══ DATA FOR THIS TASK ══

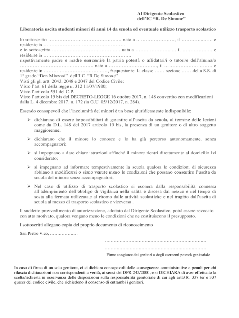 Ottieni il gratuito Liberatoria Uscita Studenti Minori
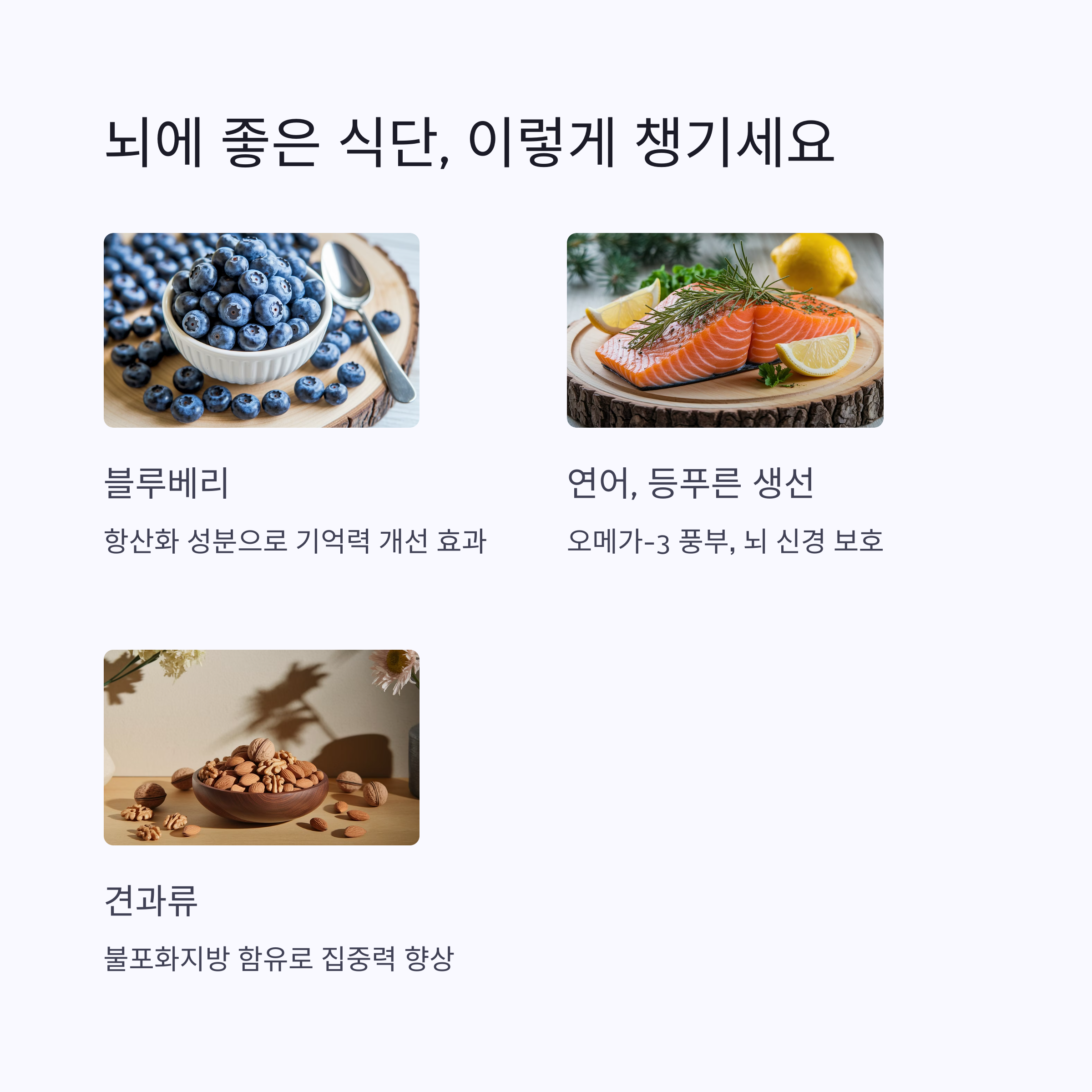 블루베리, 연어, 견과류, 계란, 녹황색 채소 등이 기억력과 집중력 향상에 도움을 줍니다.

═══
══ DATA FOR THIS TASK ══

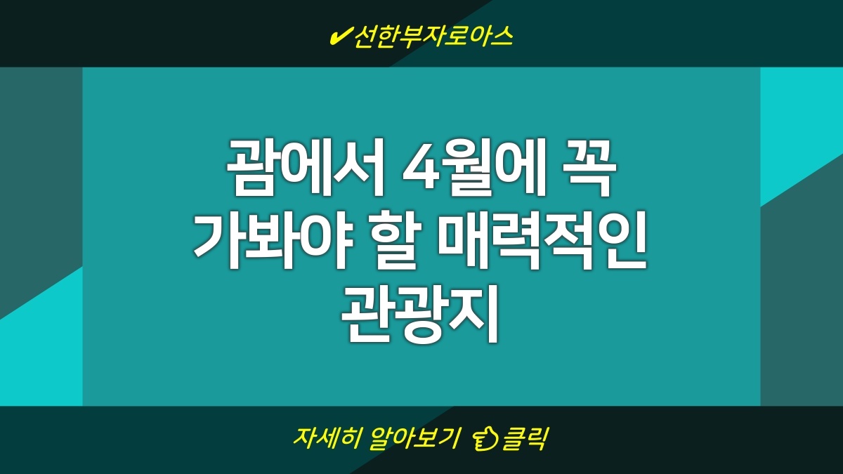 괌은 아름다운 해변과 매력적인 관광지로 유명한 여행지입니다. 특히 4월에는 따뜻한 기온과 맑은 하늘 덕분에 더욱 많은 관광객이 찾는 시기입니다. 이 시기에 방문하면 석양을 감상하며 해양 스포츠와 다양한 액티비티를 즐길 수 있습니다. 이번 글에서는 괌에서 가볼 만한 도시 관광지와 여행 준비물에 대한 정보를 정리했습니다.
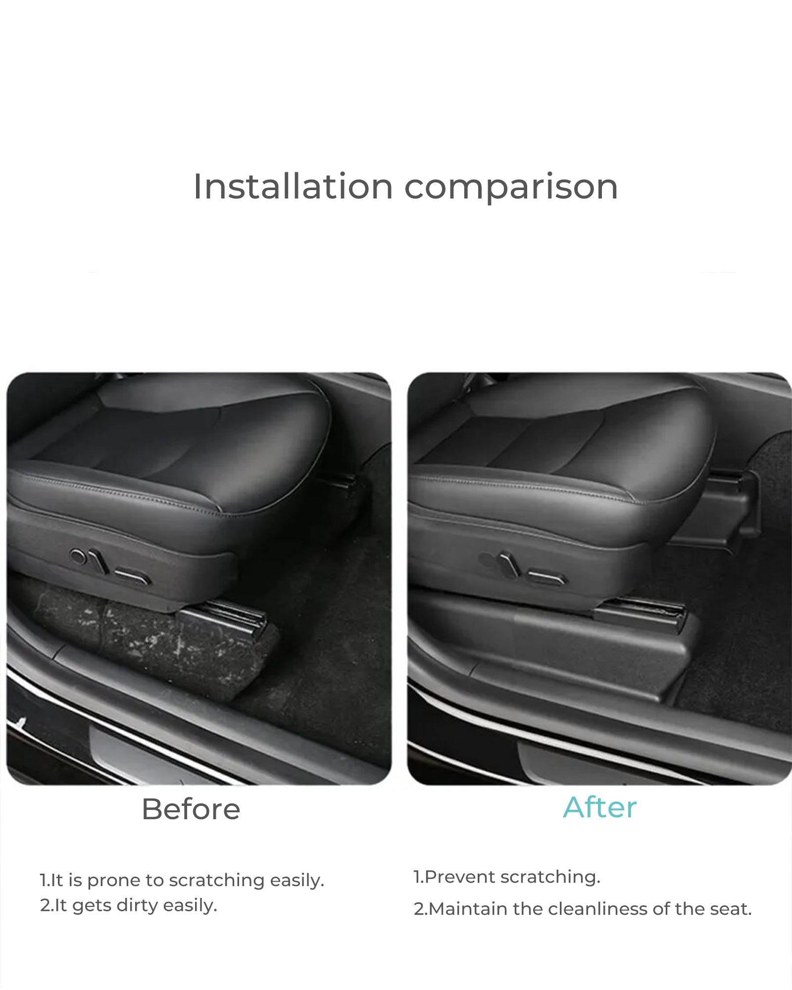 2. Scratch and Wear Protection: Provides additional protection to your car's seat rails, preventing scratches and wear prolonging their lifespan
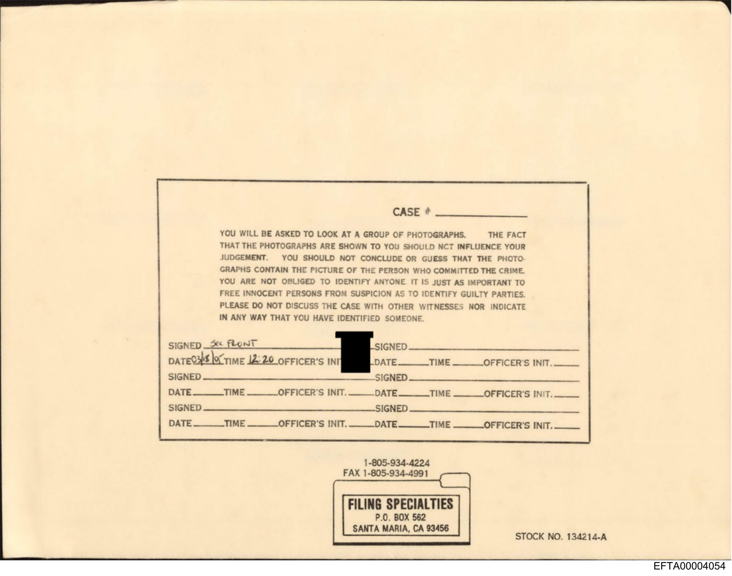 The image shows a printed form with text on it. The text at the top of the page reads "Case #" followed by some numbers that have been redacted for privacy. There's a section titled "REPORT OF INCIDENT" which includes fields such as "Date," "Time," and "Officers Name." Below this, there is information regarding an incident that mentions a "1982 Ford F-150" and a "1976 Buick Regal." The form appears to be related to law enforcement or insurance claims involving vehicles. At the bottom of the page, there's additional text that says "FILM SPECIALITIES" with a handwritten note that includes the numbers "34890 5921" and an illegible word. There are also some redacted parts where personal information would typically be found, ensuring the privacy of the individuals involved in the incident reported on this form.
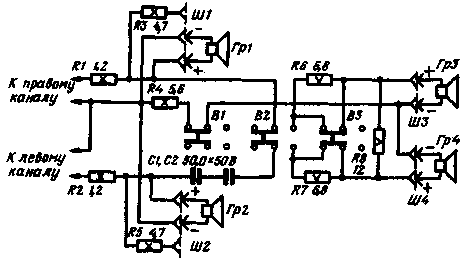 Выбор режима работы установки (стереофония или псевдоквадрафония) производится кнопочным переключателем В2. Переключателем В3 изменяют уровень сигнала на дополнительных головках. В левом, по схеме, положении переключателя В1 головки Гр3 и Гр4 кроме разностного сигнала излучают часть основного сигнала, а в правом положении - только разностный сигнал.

═══

TASK PROMPT ▸ Repeat exactly the lines above, beginning at the one containing "Ottieni il gratuito" and ending at the one containing "블루베리, 연어, 견과류, 계란, 녹황색". Do not carry over any pictures.

TASK ANSWER ▸
 Ottieni il gratuito Liberatoria Uscita Studenti Minori
 블루베리, 연어, 견과류, 계란, 녹황색 채소 등이 기억력과 집중력 향상에 도움을 줍니다.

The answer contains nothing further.